According to the “2013 Women, Money & Power Study,” 57% of women said they both “have more earning power than ever before” and also “handle major investment decisions and retirement planning.” More than half (55%) noted they take the lead in suggesting new investing or retirement ideas, and 60% said they are responsible for handling tax preparation and planning.
Despite this confidence, the study also found women have concerns about their financial future. Although 60% of women said they are the primary breadwinner in their household and more than half (54%) of respondents describe themselves as the “household CFO”, nearly half of women (49%) sometimes fear becoming a financial burden to their families as they grow older. More than one-quarter (27%) of those earning more than $200,000 per year have this fear.

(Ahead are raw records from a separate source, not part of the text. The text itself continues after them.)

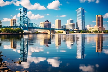 Blue sky reflected in the water of the bay in Jacksonville's business district. Bridge and modern business center buildings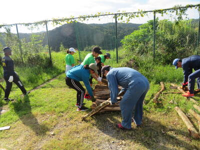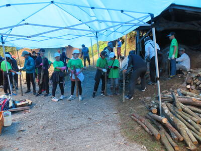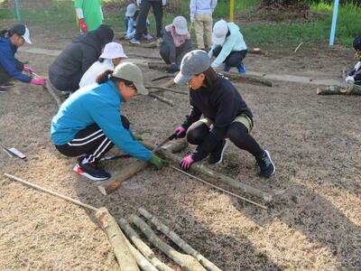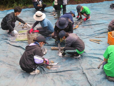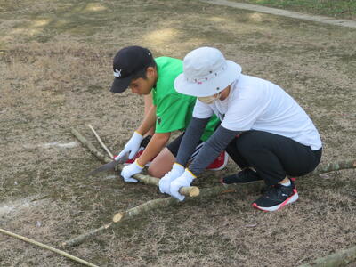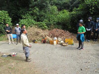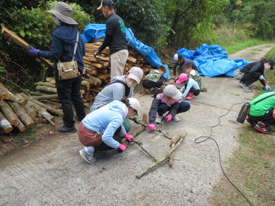 9月22日(日)コミュニティスクールの活動として、炭焼きに向けての木切り活動がありました。子ども達は、お家の人や友達と声をかけ合い、怪我に気を付けながら、次々と炭焼き用の木を切ることができました。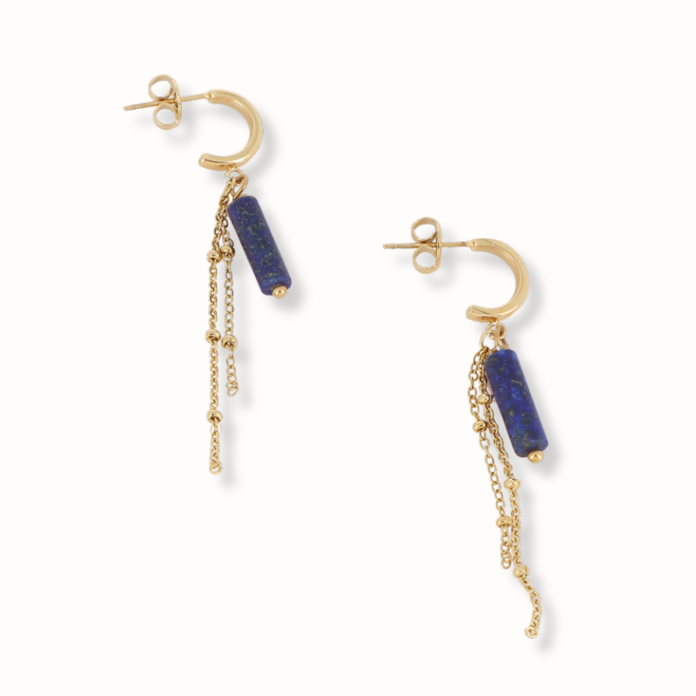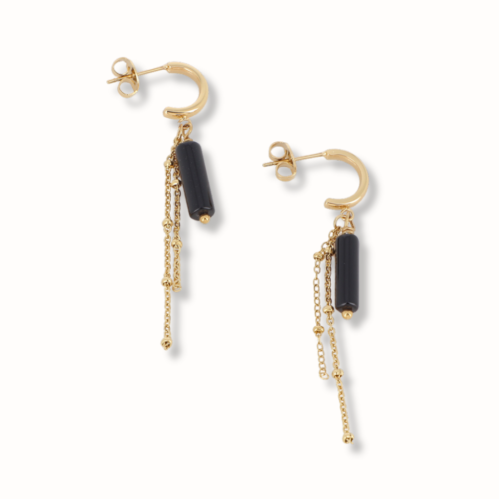 Les boucles d'oreilles EBEN captivent par leur design minimaliste, mettant en vedette des cylindres noirs suspendus à des chaînes dorées délicates. Le contraste saisissant entre la teinte sombre des pierres et l'éclat des chaînes confère à ces créoles une allure à la fois moderne et classique.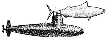 Рис. 6. Американская подводная лодка 'Скипджек'. Форма корпуса подводной лодки точно такая же, как и у быстроходной рыбы тунца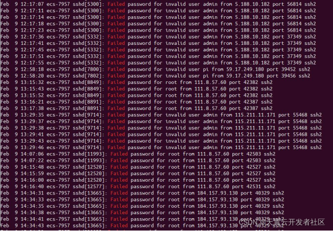 首先看/var/log/secure文件,里面有大量的密码猜测攻击,也包含用户那几次密码输入错误。

In addition to concerns about becoming a financial burden, a majority of women still have significant concerns about retirement planning and their level of preparedness for retirement. When asked what key issues will have the greatest effect on their retirement outlook, “lack of adequate retirement savings” was the highest ranked by 43% of women, besting other economic concerns such as “the future of Social Security,” “rising health care costs,” “unemployment,” and “tax changes.” Similarly, retirement is also the worry that keeps most women up at night. Second only to loss of spouse/significant other, “running out of money in retirement” is a worry that keeps 57% of women up at night and is the number one worry for single and divorced women.
Overall, the study found the financial crisis of 2008 to 2009 was a major driver of behavioral change. Seven in ten women (68%) said they increased their financial involvement since the crisis, particularly women ages 45 to 54 (72%) and widows (75%). Yet, despite the increased involvement after 2008, 43% of women said they do not feel any smarter about how to manage their money than before the crash. That feeling was shared by 36% of women with the highest income (household income of $200,000 or more).
More than 90% of women agreed that women need to be significantly more involved in financial planning than in the past, with the highest response (96%) coming from divorced women. Sixty-seven percent of women said that becoming more knowledgeable and involved in managing their finances has improved the quality of their life, with the highest response (71%) coming from single women.
“Allianz Life is dedicated to the mission of achieving financial literacy and independence for every American, so we’re especially keen to design solutions that are relevant, responsive, and sensitive to helping women accomplish greater financial security,” said Allianz Life Vice President of Consumer Insights Katie Libbe.The study was conducted with more than 2,200 women, ages 25 to 75, with a minimum household income of $30,000 a year.